Alas, my mind has been running circles around this article, just trying to get a grasp it and to understand if it's a joke or not. Allow me to highlight a few of my favorite parts:
The articles starts off with how Slatkin intends to change to orchestra seating around. The article reads:
Leonard Slatkin said at a press conference yesterday, “I feel that the listeners are distracted by seeing the faces of the musicians. By turning around, people will tire of looking at backsides and focus purely on the music.”"
While, I think that this might be an interesting experiment, I can't see this working out to better ones musical experience. Secondly, these performances are as much an aural experience as a visiual experience. As a musician, I want to see the performer's face and how they emote. Do they smile during the scherzo of such-and-such piece? Are they grooving along, moving their head a little to the latin rhythms in Roberto Sierra's symphonic works? That's just as much an element for me as the music itself. If you want people to enjoy the music for purely music's sake, then put a recording on in the concert hall. I'm sure they'll get rave reviews.
Besides that, doesn't one take into account the acoustical properties of each instrument and how sound travels from the stage to the audience. Aren't these multi-million dollar concert halls designed, by some of the greatest architects and sound engineers, to achieve the most sublime aural and acoustical nuances from an orchestra...that faces forward?
Here's another good one:
"Beethoven’s 5th will get a trimming, but with a different rationale.
“Many years ago, I did a production of Tosca in Hamburg. The director told me that since everyone knows the opera, he wanted to eliminate many of the traditions that have bogged the work down. So there was no church in the first act. The heroine did not leap to her death at the end. Yes, we were roundly booed, but I started wondering whether the same rationale could be applied to symphonic music.”
So for these performances of the overly familiar Beethoven score, the opening five bars will not be played, since everyone knows how they go. It will be straight into the 6th measure. In fact, every time the four-note motto comes in and is played loudly, the passage will either disappear or be performed softly.
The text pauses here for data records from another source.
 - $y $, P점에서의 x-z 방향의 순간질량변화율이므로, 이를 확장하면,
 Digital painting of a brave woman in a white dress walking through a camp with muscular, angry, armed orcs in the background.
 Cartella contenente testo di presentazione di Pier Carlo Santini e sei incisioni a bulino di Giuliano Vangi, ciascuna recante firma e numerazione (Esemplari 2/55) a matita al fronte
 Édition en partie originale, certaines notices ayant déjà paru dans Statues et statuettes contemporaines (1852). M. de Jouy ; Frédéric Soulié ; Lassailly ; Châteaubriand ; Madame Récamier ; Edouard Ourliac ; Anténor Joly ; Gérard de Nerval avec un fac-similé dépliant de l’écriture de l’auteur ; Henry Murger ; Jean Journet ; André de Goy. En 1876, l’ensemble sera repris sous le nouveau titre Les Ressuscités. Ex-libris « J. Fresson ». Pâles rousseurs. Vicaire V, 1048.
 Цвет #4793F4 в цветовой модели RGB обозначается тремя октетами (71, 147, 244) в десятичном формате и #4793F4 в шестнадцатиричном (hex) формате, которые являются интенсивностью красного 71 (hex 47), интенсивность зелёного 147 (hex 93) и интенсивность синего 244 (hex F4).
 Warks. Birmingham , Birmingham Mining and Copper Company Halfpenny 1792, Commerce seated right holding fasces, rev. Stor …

Most of the soloists will be surprised to learn that the tuttis that usually herald the first entrance will go away. So no more three minute intro for either the Brahms 1st piano concerto or Violin Concerto.
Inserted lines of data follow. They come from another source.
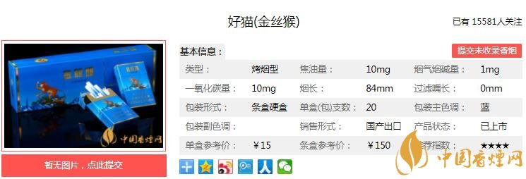 一、好貓金絲猴香煙價格
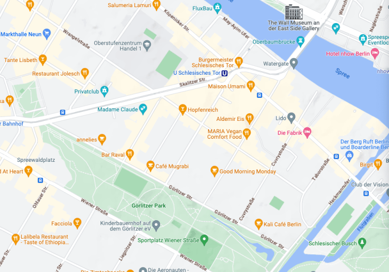 Vid Spree infinner sig den kända Oberbaumbrücke, det gamla Heeresbäckerei, som är mässlokal numera, och på andra sidan floden finns det trendiga Friedrichshein, som innehåller en ändlös rad av svartklubbar, klädaffärer för Hedningens väninnor (Dem ska ni hålla tassarna borta ifrån ! – Finger weg und Schluss damit !!) och mycket annat, som ni egentligen inte behöver känna till och nog inte vill veta, även om Hedningen för sin del redan gör det. East Side Gallery och de numera föga sevärda sista resterna av den gamla Berlinmuren behöver ni däremot inte besöka, omgivna som de är av nya gentrifierade bostadshus i neobrutalistisk stil. Så småningom – eller om bara trettio år – kommer de att vara lika rivningsfärdiga som det mesta av 1960-talets ”Plattenbaus” och därmed är de helt ointressanta i alla fall.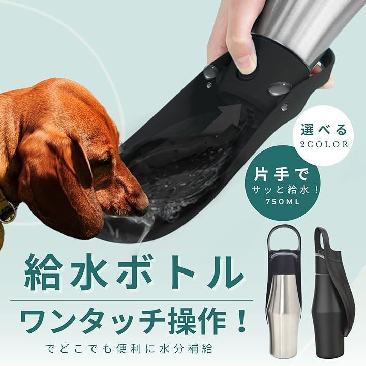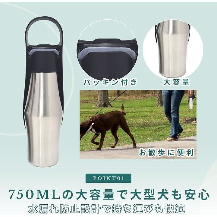 犬 水飲み器 散歩 給水ボトル 水筒 ウォーターボトル ペットウォーターボトル ステンレス 750ml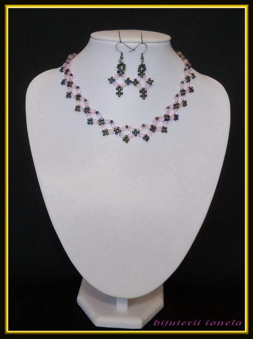Colier si cercei Format din margele de nisip culoare irizanta (Paun) de 3 mm si cristale bob de orez roz.La comanda se poate confectiona si bratara.

Slatkin has a reason for this as well.
“We are not paying them to sit or stand around.”"
I'm not certain you really need to explain this one, I think his rationale is flawed. How can you eliminate motivic ideas in a composers work that he develops later on? Beethoven is the king of motivic ideas - that's like taking out the peach in the peach cobbler. Makes no sense.
And the intros to these concertos? What?
On the one hand, I can understand how you could promote these changes for one concert and make it an enlightening experience for the audience and orchestra alike. But for every concert? I just don't think the rationale justifies the means here.
I just feel like he's taking the lower joint of my clarinet from me, and telling me - okay, now play Beethoven 6.
This one made me laugh...
"Other emendations include orchestration changes. The opening of Stravinsky’s Rite of Spring, played by the bassoon in a high register, will now be intoned on the tuba, two octaves lower than printed.
“Tubists at the beginning of the 20th Century were not as facile as today’s artists. Bassoonists have plenty of solos. Why not let someone else have a chance at it?”"
Your justification for changing the opening is based on the fact that bassoonists have plenty of solos and that we should be fair and give someone else "a chance at it?"
But...I'm just...so confused.
I'm honestly and truly shocked about this article. I can't decide whether it's a joke or not. April fools - in September?
If you've been to a DSO concert lately - please inspire us with what you've seen. Is this true? And if so, how has it affected your listening experience?